Material for the task:

_ _ _ _

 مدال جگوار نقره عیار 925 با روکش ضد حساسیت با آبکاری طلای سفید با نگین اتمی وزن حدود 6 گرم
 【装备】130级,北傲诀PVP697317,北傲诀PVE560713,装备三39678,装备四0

_ _ _ _

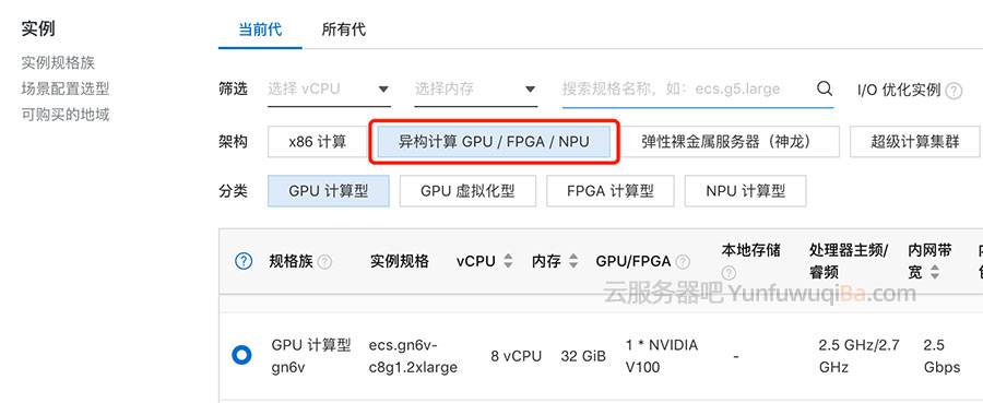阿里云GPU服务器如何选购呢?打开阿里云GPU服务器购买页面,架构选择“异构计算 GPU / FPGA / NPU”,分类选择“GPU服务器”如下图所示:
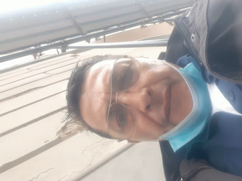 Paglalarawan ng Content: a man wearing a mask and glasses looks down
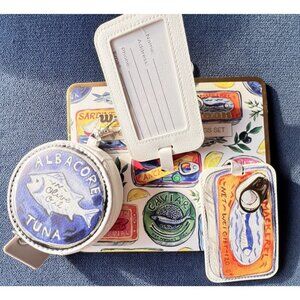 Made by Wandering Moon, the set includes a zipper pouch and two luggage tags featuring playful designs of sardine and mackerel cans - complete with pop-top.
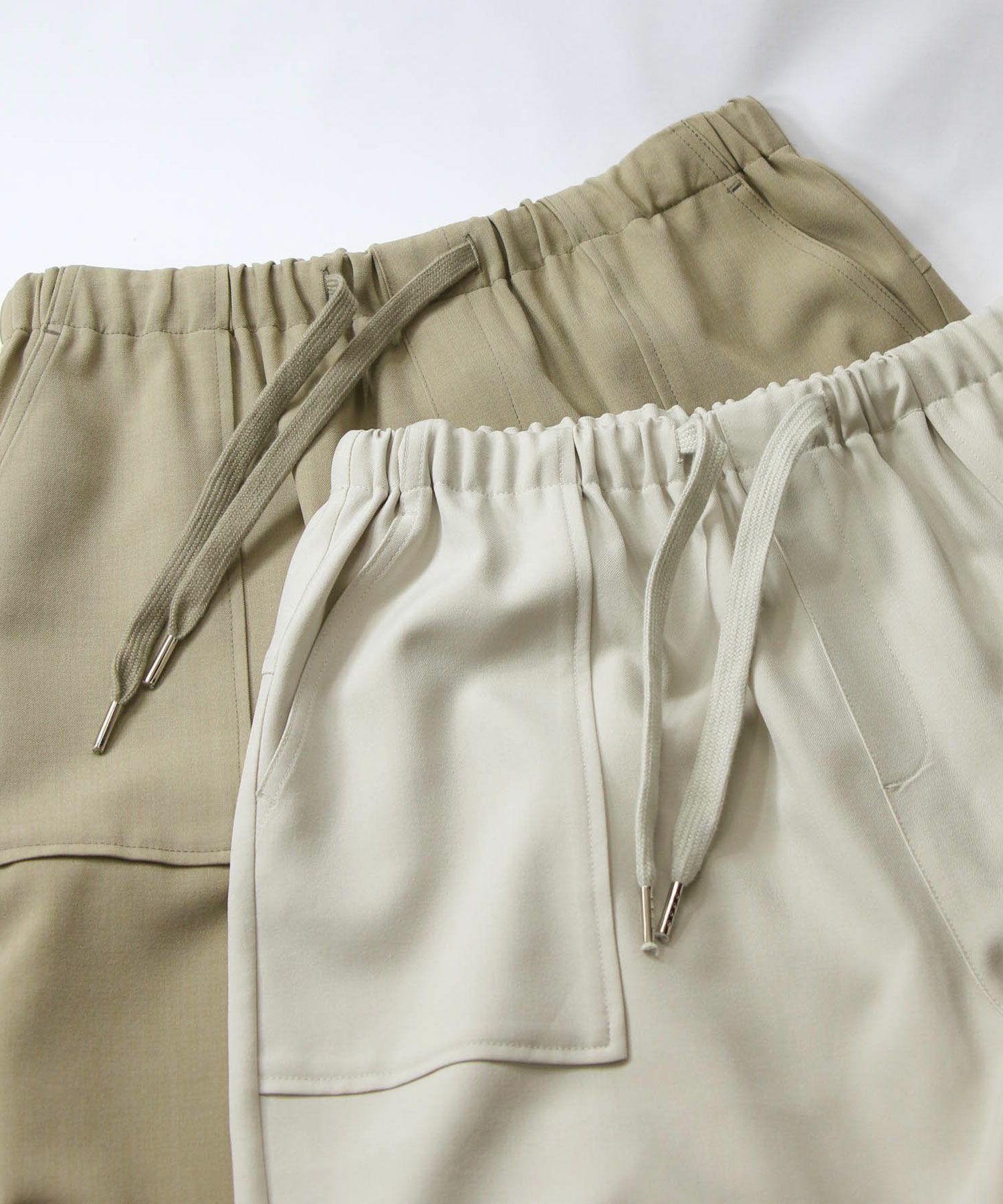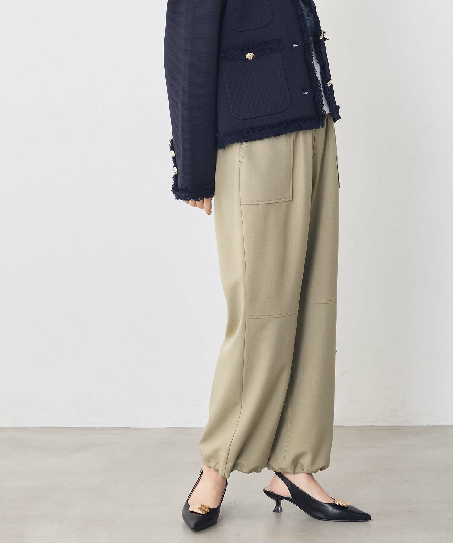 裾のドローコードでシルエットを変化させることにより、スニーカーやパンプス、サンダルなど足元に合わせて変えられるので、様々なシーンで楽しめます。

_ _ _ _

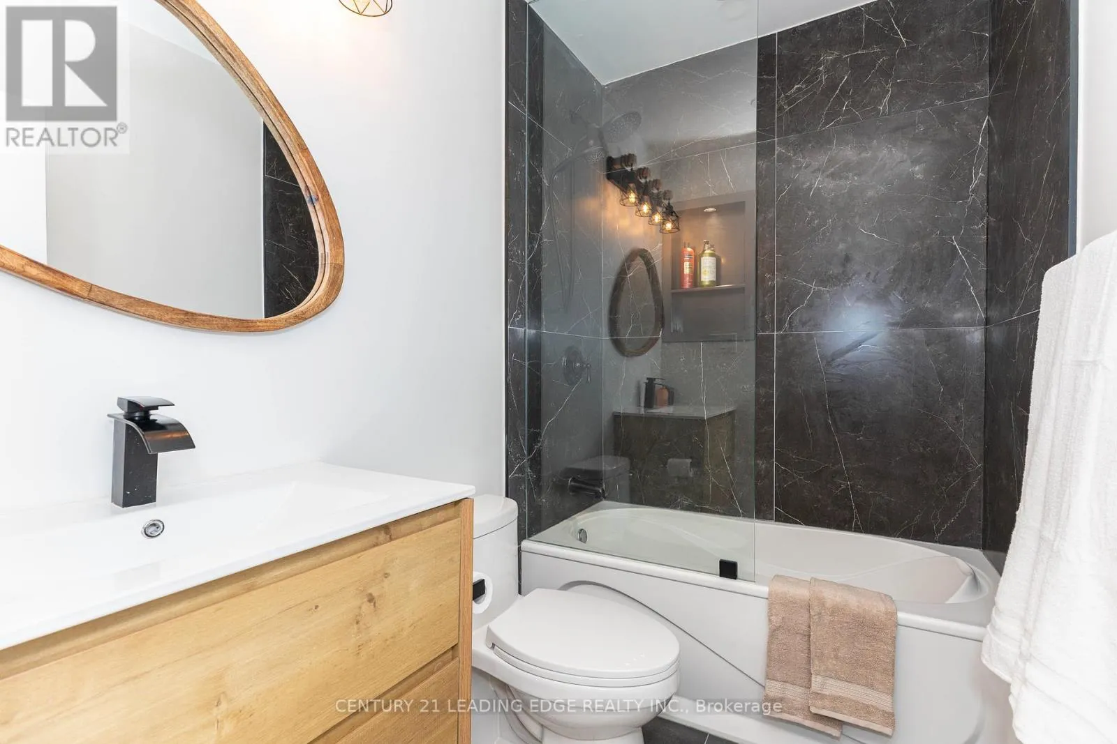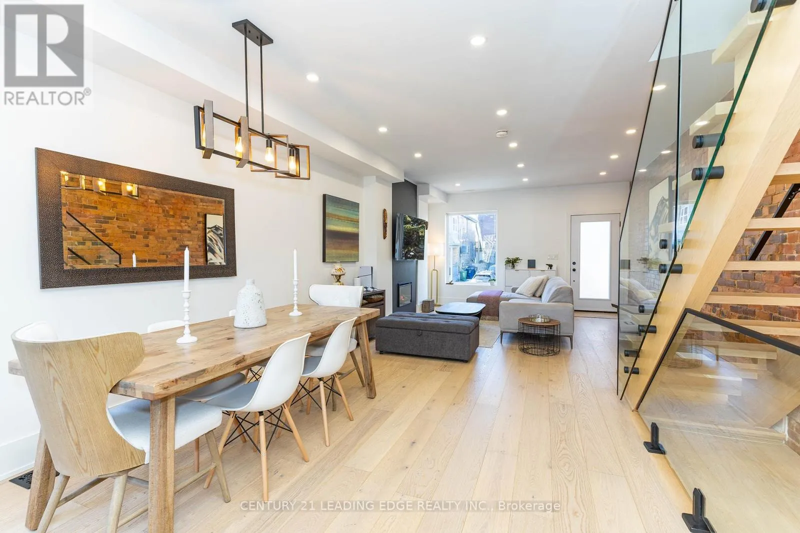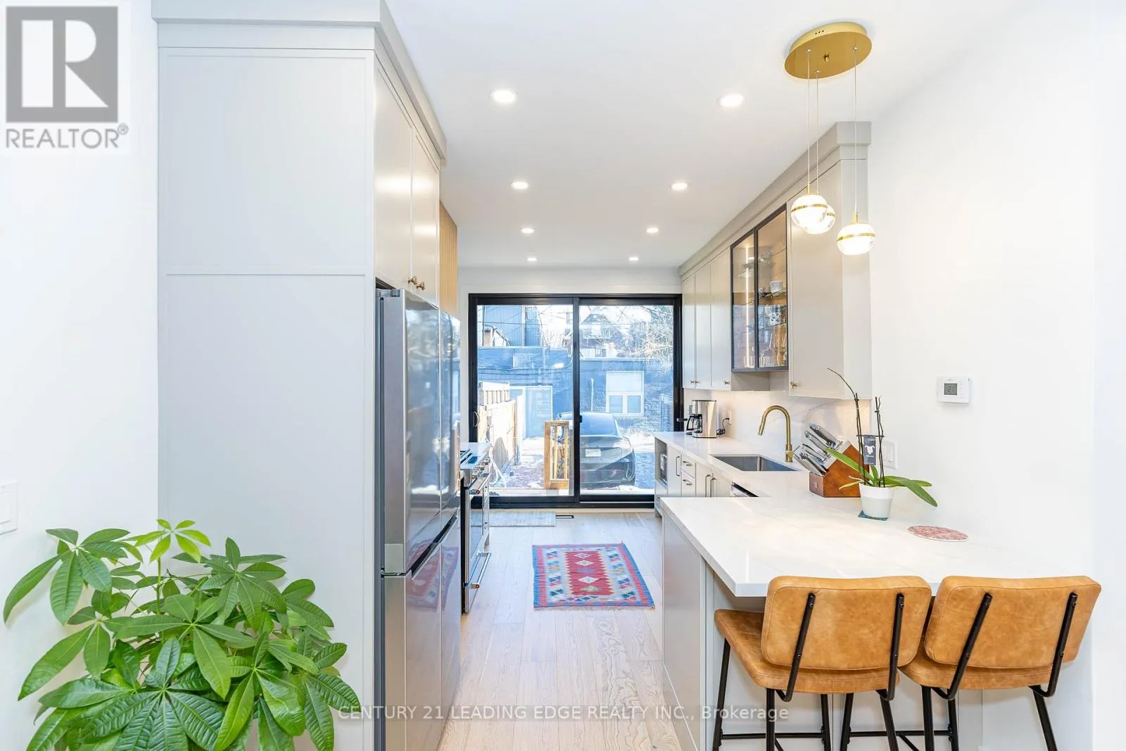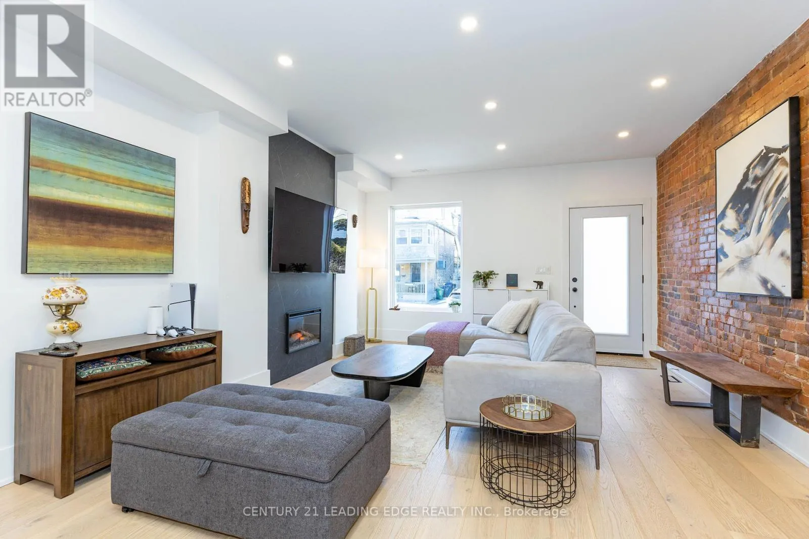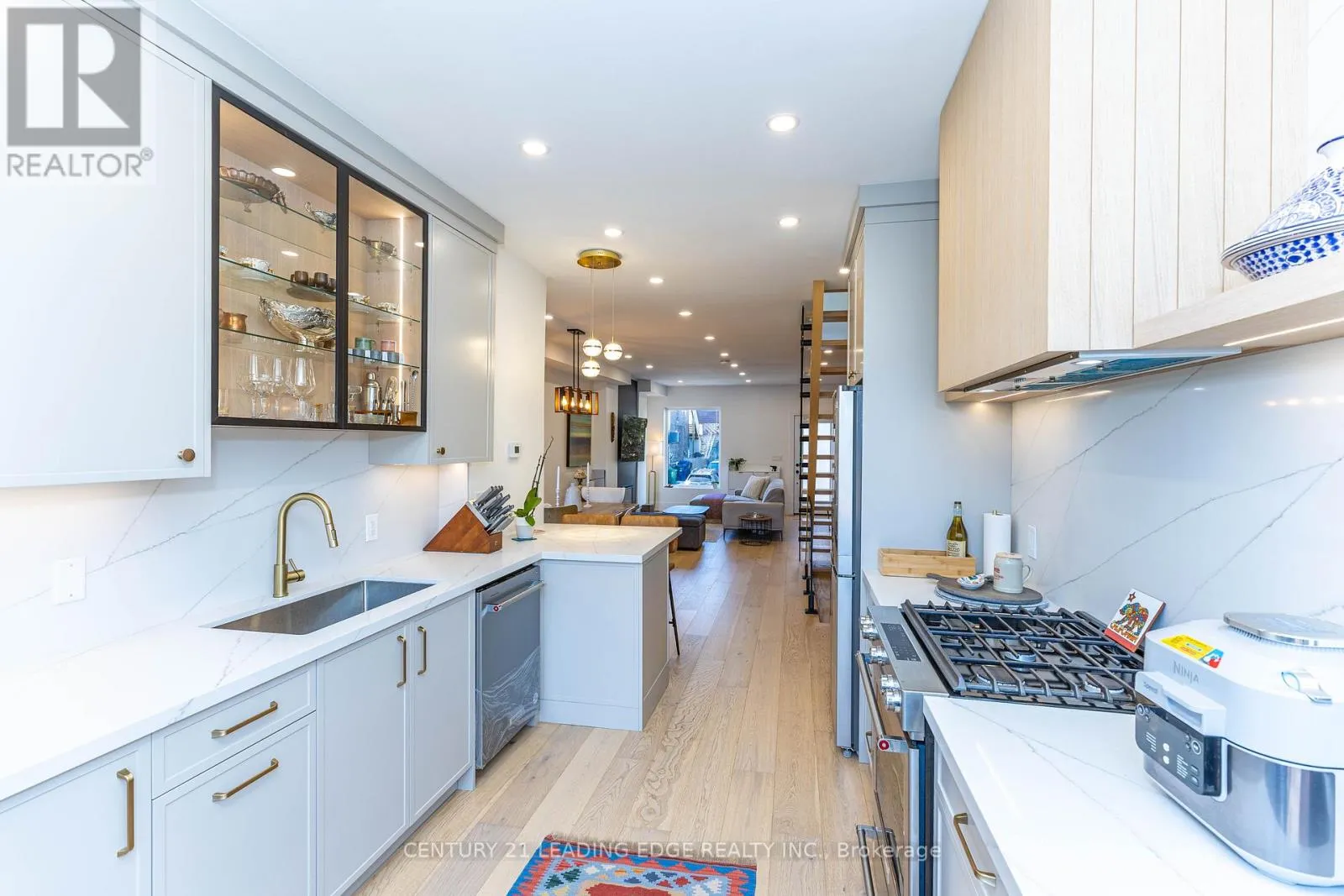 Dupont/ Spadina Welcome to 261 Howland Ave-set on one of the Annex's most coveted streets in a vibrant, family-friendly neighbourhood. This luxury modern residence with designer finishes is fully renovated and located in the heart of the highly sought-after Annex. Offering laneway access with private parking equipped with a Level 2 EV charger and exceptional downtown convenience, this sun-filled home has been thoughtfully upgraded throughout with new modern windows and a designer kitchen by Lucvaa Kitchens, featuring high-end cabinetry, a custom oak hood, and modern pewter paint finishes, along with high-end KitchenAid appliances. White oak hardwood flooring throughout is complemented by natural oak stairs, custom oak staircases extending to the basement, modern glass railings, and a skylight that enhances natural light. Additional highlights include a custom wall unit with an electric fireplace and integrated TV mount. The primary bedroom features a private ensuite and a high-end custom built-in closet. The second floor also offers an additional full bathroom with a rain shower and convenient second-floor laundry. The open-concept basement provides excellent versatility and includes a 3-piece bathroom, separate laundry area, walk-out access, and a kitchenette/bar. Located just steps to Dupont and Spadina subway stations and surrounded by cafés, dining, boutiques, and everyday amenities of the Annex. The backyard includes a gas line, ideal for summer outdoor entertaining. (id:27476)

_ _ _ _

Problem statement:
Range to print from the listing above: from the line with "Paglalarawan ng Content: a" up to and including the line with "裾のドローコードでシルエット". Please print those lines exactly, with no pictures and nothing more.

Written answer:
 Paglalarawan ng Content: a man wearing a mask and glasses looks down
 Made by Wandering Moon, the set includes a zipper pouch and two luggage tags featuring playful designs of sardine and mackerel cans - complete with pop-top.
 裾のドローコードでシルエットを変化させることにより、スニーカーやパンプス、サンダルなど足元に合わせて変えられるので、様々なシーンで楽しめます。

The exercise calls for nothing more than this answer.